### Your assignment
Each line of the material below is to be written out exactly. Leave out any picture.
Provided material Start Marker
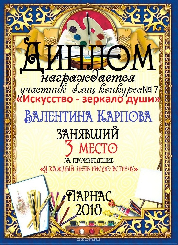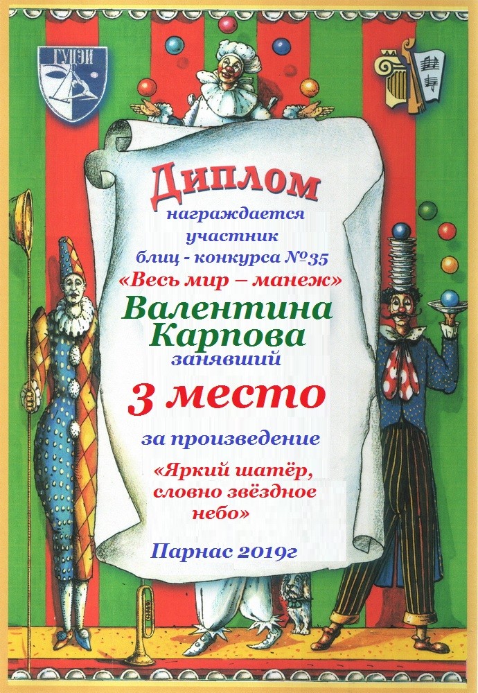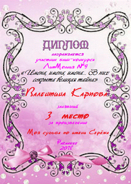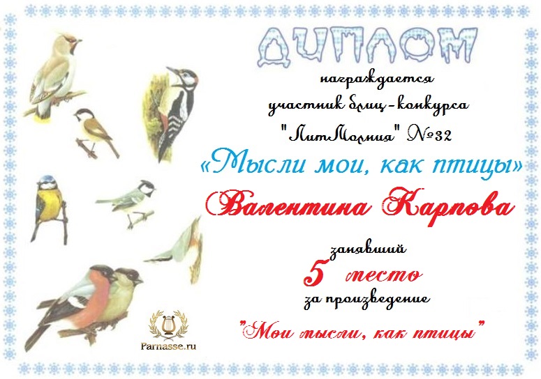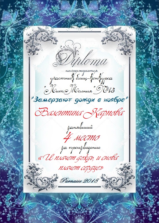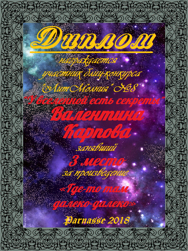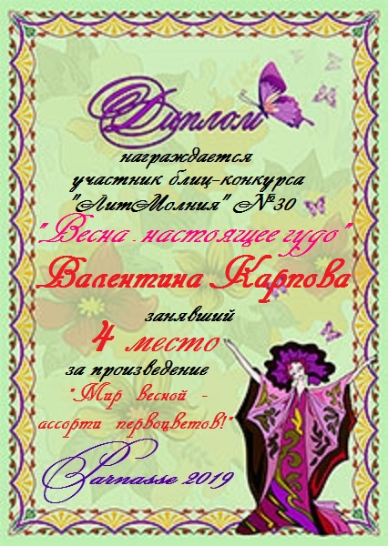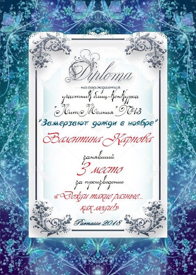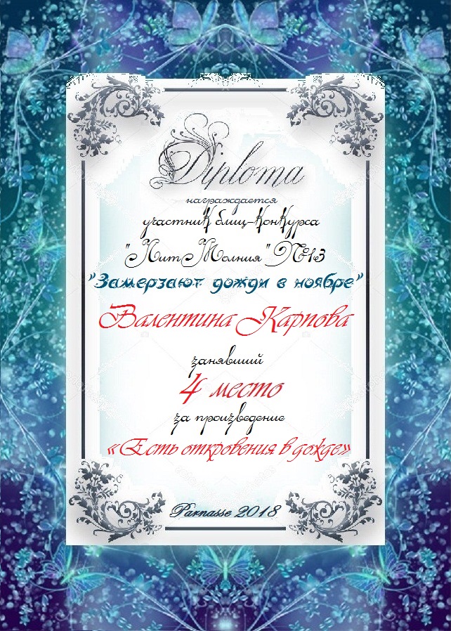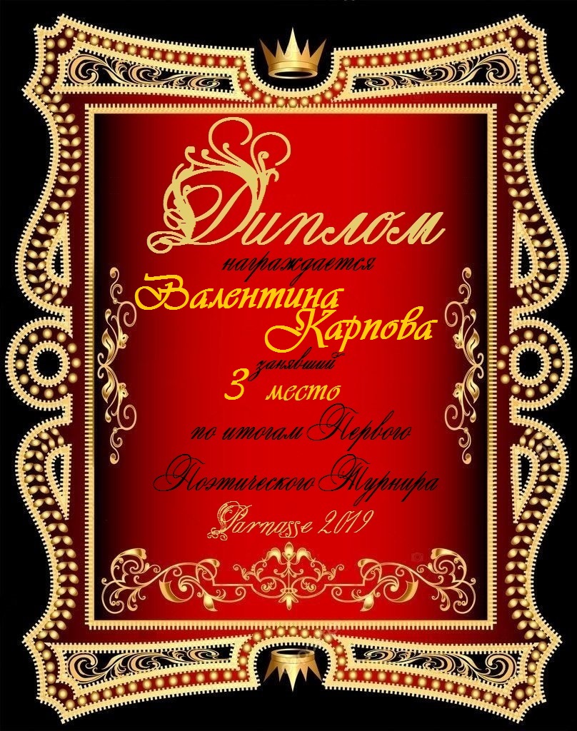 Диплом за 3 место в 134 конкурсе АКРОСТИХА (Альтернатива)! ПОЗДРАВЛЯЮ!
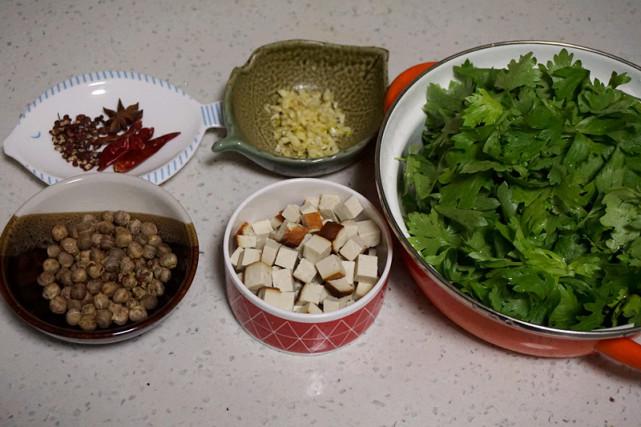 芹菜叶100克;鹰嘴豆1小把;熏干1块
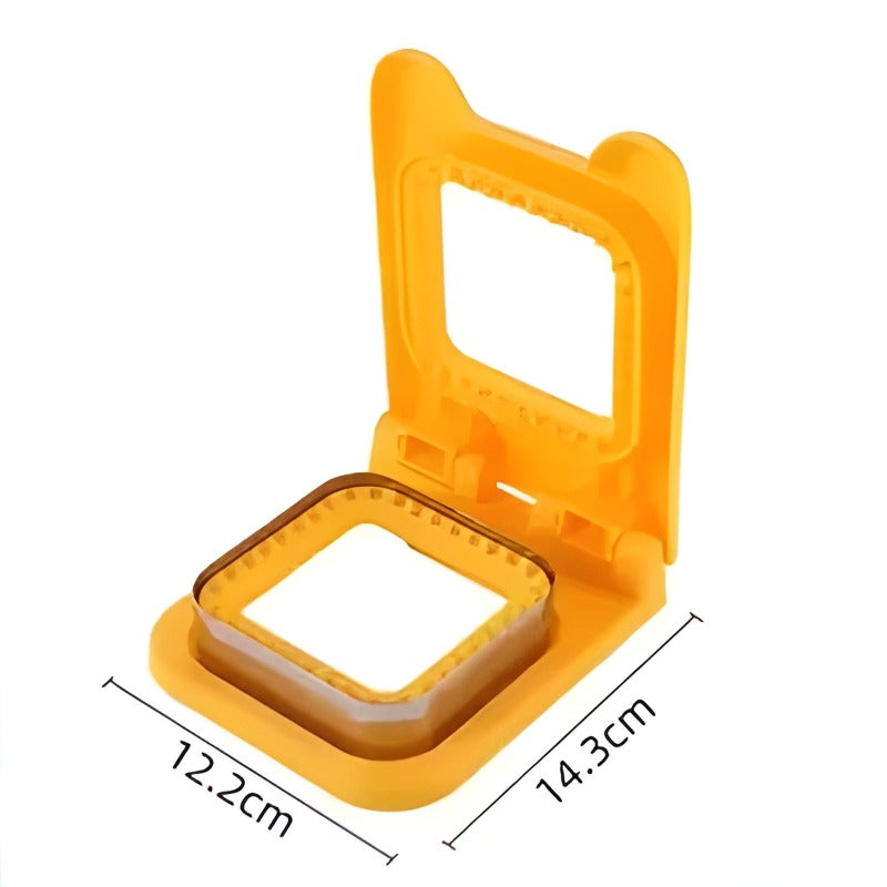 • Simply place your filling and bread, press the tool down firmly, and lift to create a sealed, crust-free pocket sandwich.
Provided material End Marker
### Reply
 Диплом за 3 место в 134 конкурсе АКРОСТИХА (Альтернатива)! ПОЗДРАВЛЯЮ!
 芹菜叶100克;鹰嘴豆1小把;熏干1块
 • Simply place your filling and bread, press the tool down firmly, and lift to create a sealed, crust-free pocket sandwich.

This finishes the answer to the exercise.